На них были очень практичного вида, но вычурные кафтаны — с острыми и широкими, аж до самого плеча, лацканами и кончиками воротника и с манерными манжетами — и узкие свободные штаны, заправленными в сапоги чуть ниже колен. По всей поверхности кафтан был вышит какой-то вязью, причудливо напоминающей одновременно рунную вязь и переплетение тонких веток какого-то растения. Такой же узор шёл вдоль наружного шва штанов. На левом плече у каждого был прикрывающий его доспех. На руках были перчатки, сделанные из тонкой розовой кожи.
— Oh fuck! She talks fucking orcish! — возмущённо воскликнул один из Светлых.
— Yep, this fucking whore is now officially our fucking food! — флегматично пожал плечами самый высокий, тот, что стоял прямо по курсу Беллы.
— Not before I fucking bang her guts! — сказал третий.
— Go fuck yourself you asshole! I am fucking hungry! I call dibs on tits! — крикнул четвёртый, который был пониже остальных, но немного шире в кости.
— If you fucking eat this cunt before we drill each hole of hers we are gonna bang you instead, you moron! — зашипел Третий, скаля свои акульи зубы.

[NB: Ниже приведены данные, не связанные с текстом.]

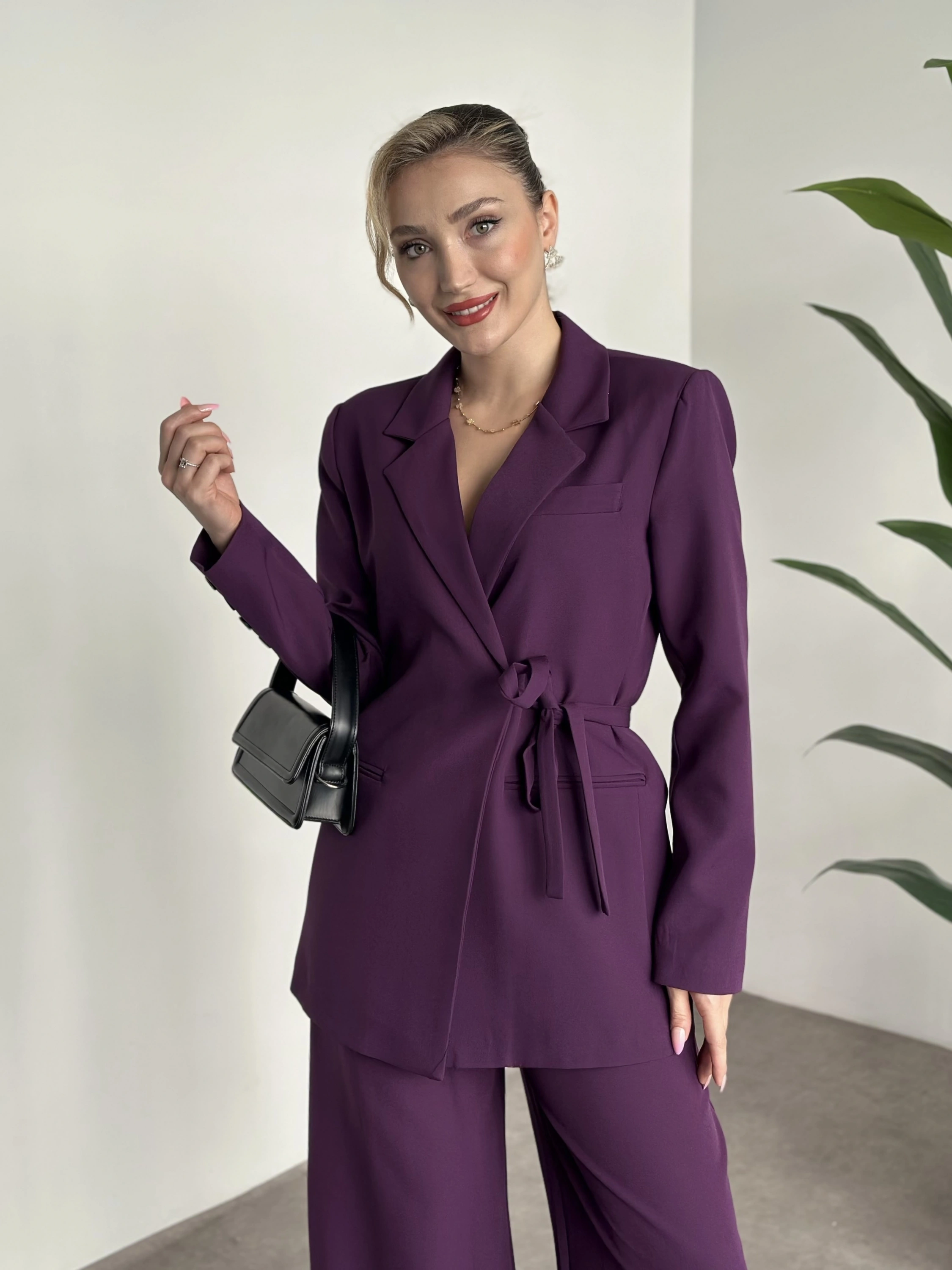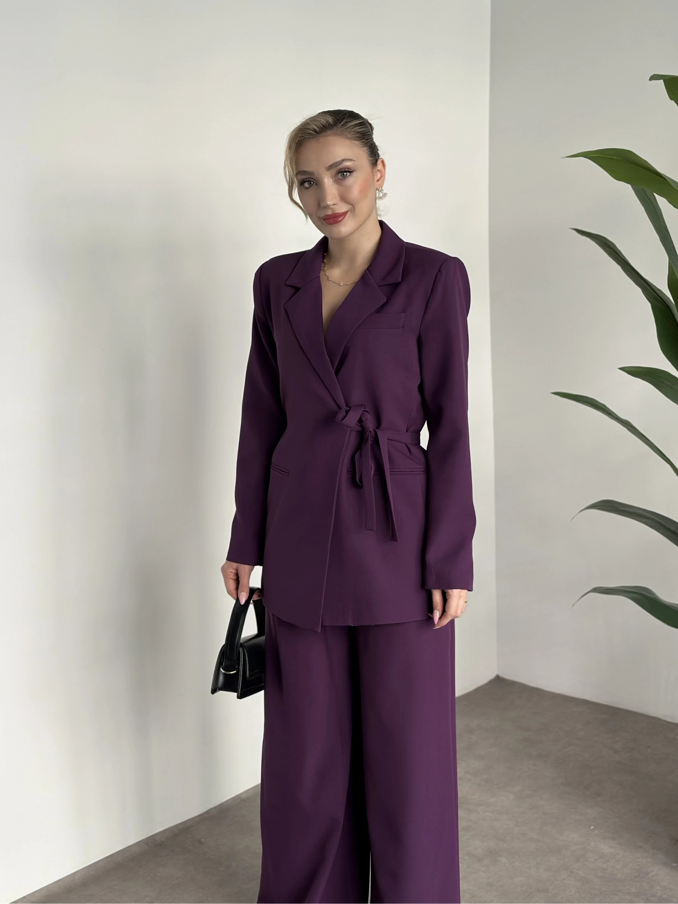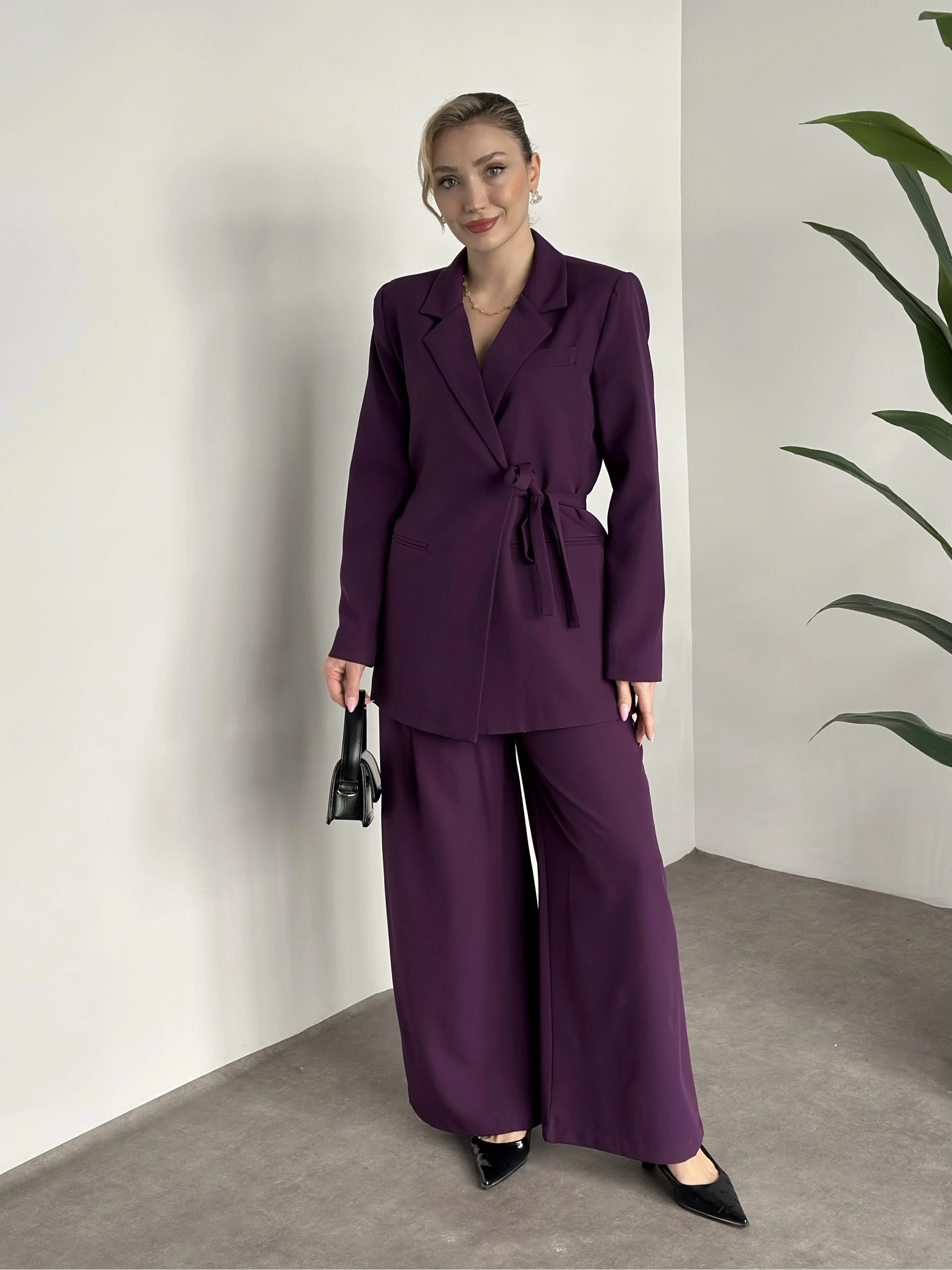 Premium yandan bağlama detaylı double kumaş takım mürdüm

— Calm down boys! You are going to alert the orcs! — сказал пятый, который по виду был сильно старше своих товарищей.
— So what, grandpa? Are you going to fucking tell the leutenant on us? — иронично спросил Второй.
— Yeah, go fucking call your Lego-fucking-lass! — поддразнил Третий.
— Guys, can I cut her tits out first? You don’t really need them to bang her, do you? — запричитал Четвёртый.
Всё это происходило, словно в цирке — ни одна стрела, направленная на Беллу, не дрогнула, и ни один следящий за ней глаз не моргнул.
— I must admit gentlemen, the mothefucker got a fucking point! — согласился Первый.
— So what? Somebody tell her to lay on her back and spread them! — крикнул Третий.
— Деффачка, ты лечь! — предложил Пожилой, показывая глазами на землю.
— Это ещё зачем? — удивилась Белла.
— Does anyone have any fucking idea what the fuck did she just say? — запаниковал Четвёртый.
— Do not fucking look at me, you fag! The hell I know! — рассердился Первый.
— I should have listened to my momma… — вздохнул Четвёртый.
— I fucking banged your momma! — выпалил Третий. — Twice!
— Don’t you tell me you fucked Gala-fucking-driel! — рассмеялся Второй.
— So just knock the bitch out, pups! We only have fifteen minutes before the enemy arrives! — нетерпеливо воскликнул Четвёртый, нервно облизываясь.
Пожилой, который стоял к ней ближе всех, одним смазанным движением, которое мне не удалось уловить, сменил лук и стрелу на длинный изогнутый меч, сверкнувший на солнце, и шагнул к Беллатрикс.
— Твоя смотреть моя сапог, — предложил он.
— Что ещё изволят белый господин? — спокойно отозвалась она, пропуская мимо направленный ей в голову удар кулаком.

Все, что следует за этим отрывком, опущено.